The residuary estate was left to Ms Jacqueline Da Silva.

The relevant clause of the Will stated that: “any of my Trustees … engaged in any profession or business” may “charge … all usual professional and other fees” including “for work … done … or business outside the ordinary course of his profession and work or business which he could or should have done personally had he not been in any profession or business.”

Mrs Townsend died on 1 July 2003. Several disputes arose following her death and, in 2015, Ms Da Silvaissued a claim under s.50 of the Administration of Justice Act 1985 to remove Mrs Heselton and Mr Armour as executors. On 2 June 2016, the application was granted, and a solicitor, Mr Brunton, was appointed to replace them.
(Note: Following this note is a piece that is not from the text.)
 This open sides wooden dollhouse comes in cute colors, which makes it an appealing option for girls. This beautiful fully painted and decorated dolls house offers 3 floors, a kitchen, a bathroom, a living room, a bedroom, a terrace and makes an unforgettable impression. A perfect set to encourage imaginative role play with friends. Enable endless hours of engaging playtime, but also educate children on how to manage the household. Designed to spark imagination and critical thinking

When Mrs Heselton’s solicitors finally produced an estate account, it became clear that, during the years 2003 to 2016, Mrs Heselton had charged the estate a monthly administration fee of £300, totalling £43,350 which she had deducted from rental income received from Ms Townsend’s former residence. In 2019, Mr Brunton challenged Mrs Heselton’s deduction on the basis that, as a non-professional executor, she was not entitled to charge.

Mrs Heselton’s position was that she was engaged in business (e.g. she was involved in a debt collection company, acted as practice manager for her husband’s law firm, and ran an art gallery) and so should be allowed to charge. The court disagreed. Mrs Heselton appealed to the High Court.
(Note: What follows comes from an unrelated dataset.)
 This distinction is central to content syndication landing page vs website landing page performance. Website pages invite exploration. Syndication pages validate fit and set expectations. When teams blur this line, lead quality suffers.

The High Court stated that the case “raise[d] the question of whether an executor who is engaged in a profession or business unrelated to the administration of trusts or estates [could] rely upon a common form of professional charging clause contained in a Will to charge for time spent on the administration of the estate.

The appeal was dismissed. Mrs Heselton then appealed to the Court of Appeal.

Lord Justice Nugee used the example of a dentist to illustrate the point in dispute, stating: “suppose one of the executors were a dentist. It is difficult to envisage the circumstances in which they might provide any dentistry services to the estate. Can they nevertheless charge for their time spent on estate administration? On the wider view they can as they are engaged in a profession, but on the narrower view they cannot as the work done is not in the course of that profession.

Throughout the litigation, the narrower view prevailed. Each court held that there needs to be some link between the administrator’s profession and the entitlement to charge.

Mrs Heselton had failed to demonstrate that she was involved in a profession relevant to administration of the estate, or at least management of the property for which she had charged her management fee.


  • If a person’s profession or trade does not involve dealing with trusts or estates, then they cannot charge for their time unless there is a specific clause in the Will saying they can do so.
  • A trustee or executor can only rely on a charging clause in the Will to charge for work done or time spent in the administration of the estate if that work falls within the scope of their profession or business.
  • In the absence of a charging clause, the general expectation is that the executor acts for free (although can employ others such as a solicitor).
  • Individuals should be mindful of the risks of pursuing litigation that will incur significant costs. The general rule is that the loser pays the winner’s costs (as well as their own). Mrs Heselton pursued the case all the way to the Court of Appeal at considerable cost despite the value of the claim being just £43,350.